> **What this task involves**
In the material below, find the line with "Fine quality white"; set down that line and every line after it to the end, exactly, without pictures.
Recorded information Block Start
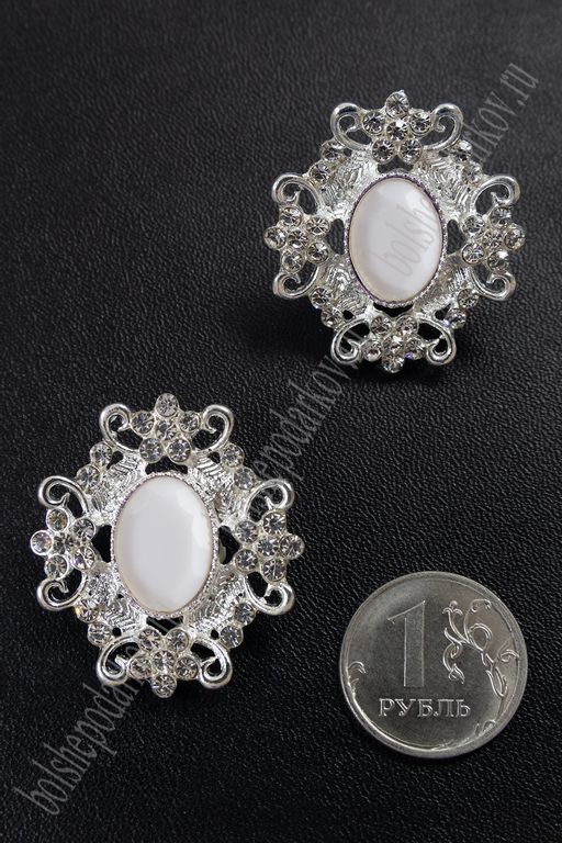 Серединка ювелирная (2 шт) SF-5794, серебро/белый
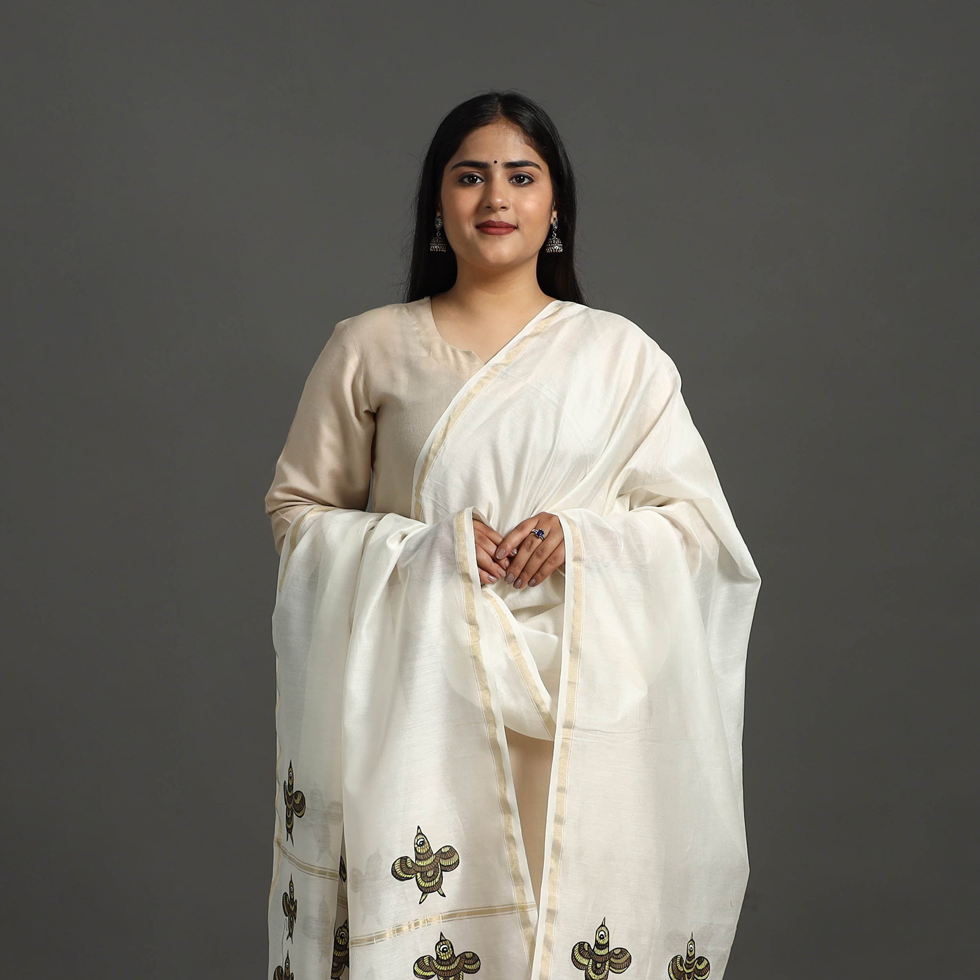 Fine quality white traditional chanderi silk-cotton pure handloom dupatta with intricate zari weaving along with original work of gond art by master artisan choti Tekam, made using fabric colors and permanent ink. Chanderi silks are known for its gossamer looks and amazing feel.
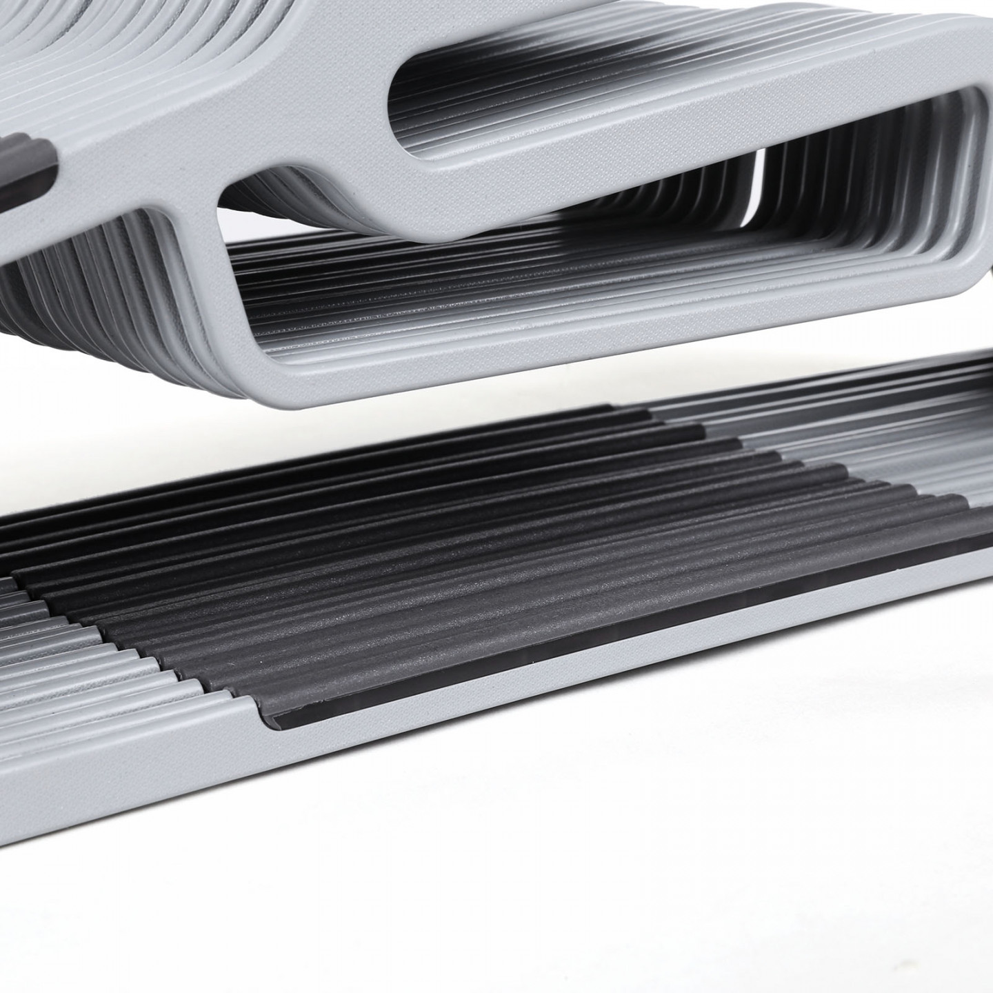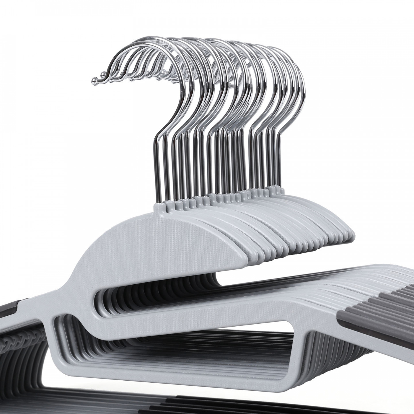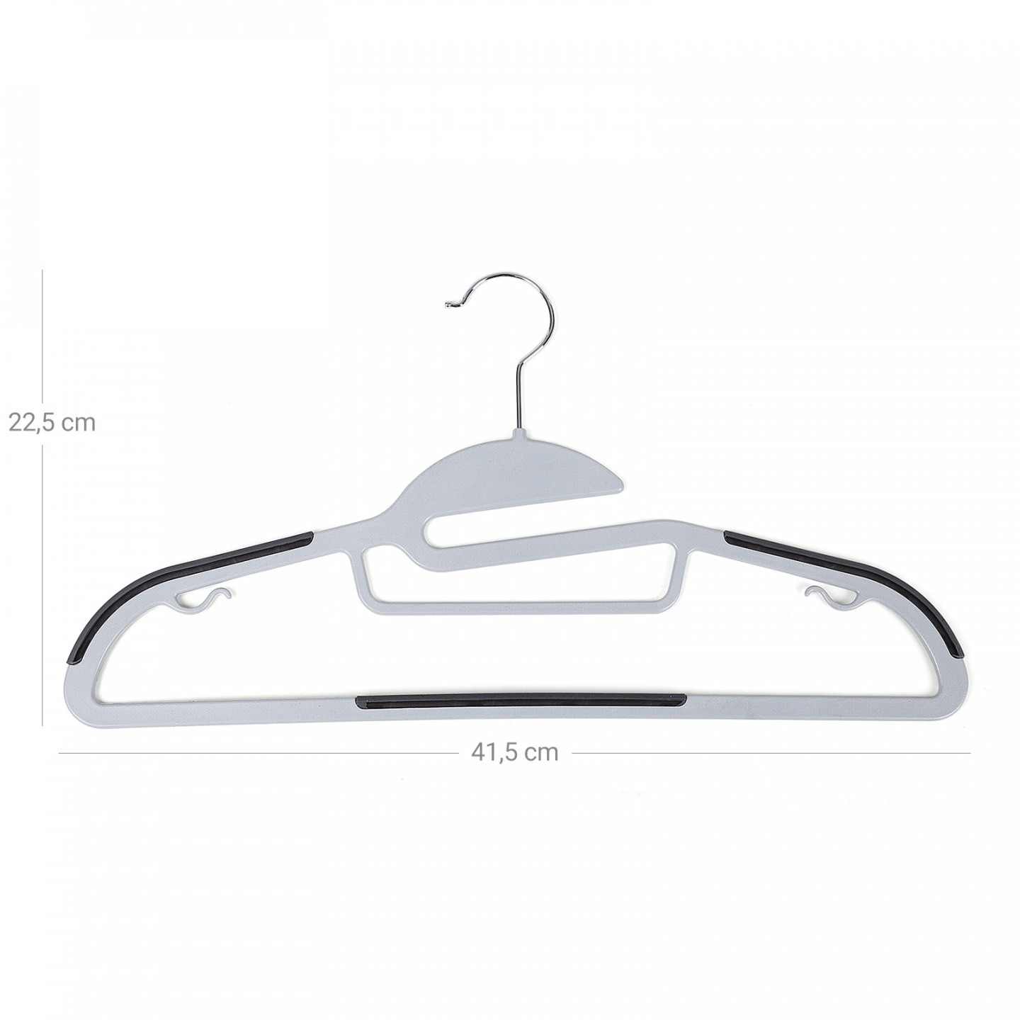 Tato elegantní ramínka z plastu mají hladký a velice tenký povrch, který nepoškodí vaše oblečení a udrží je ve špičkovém tvaru. Protiskluzové štěrbiny ve tvaru U a protiskluzová lišta na kalhoty zabraňují klouzání oblečení a kalhot.
Recorded information Block End
> **Exercise result**
 Fine quality white traditional chanderi silk-cotton pure handloom dupatta with intricate zari weaving along with original work of gond art by master artisan choti Tekam, made using fabric colors and permanent ink. Chanderi silks are known for its gossamer looks and amazing feel.
 Tato elegantní ramínka z plastu mají hladký a velice tenký povrch, který nepoškodí vaše oblečení a udrží je ve špičkovém tvaru. Protiskluzové štěrbiny ve tvaru U a protiskluzová lišta na kalhoty zabraňují klouzání oblečení a kalhot.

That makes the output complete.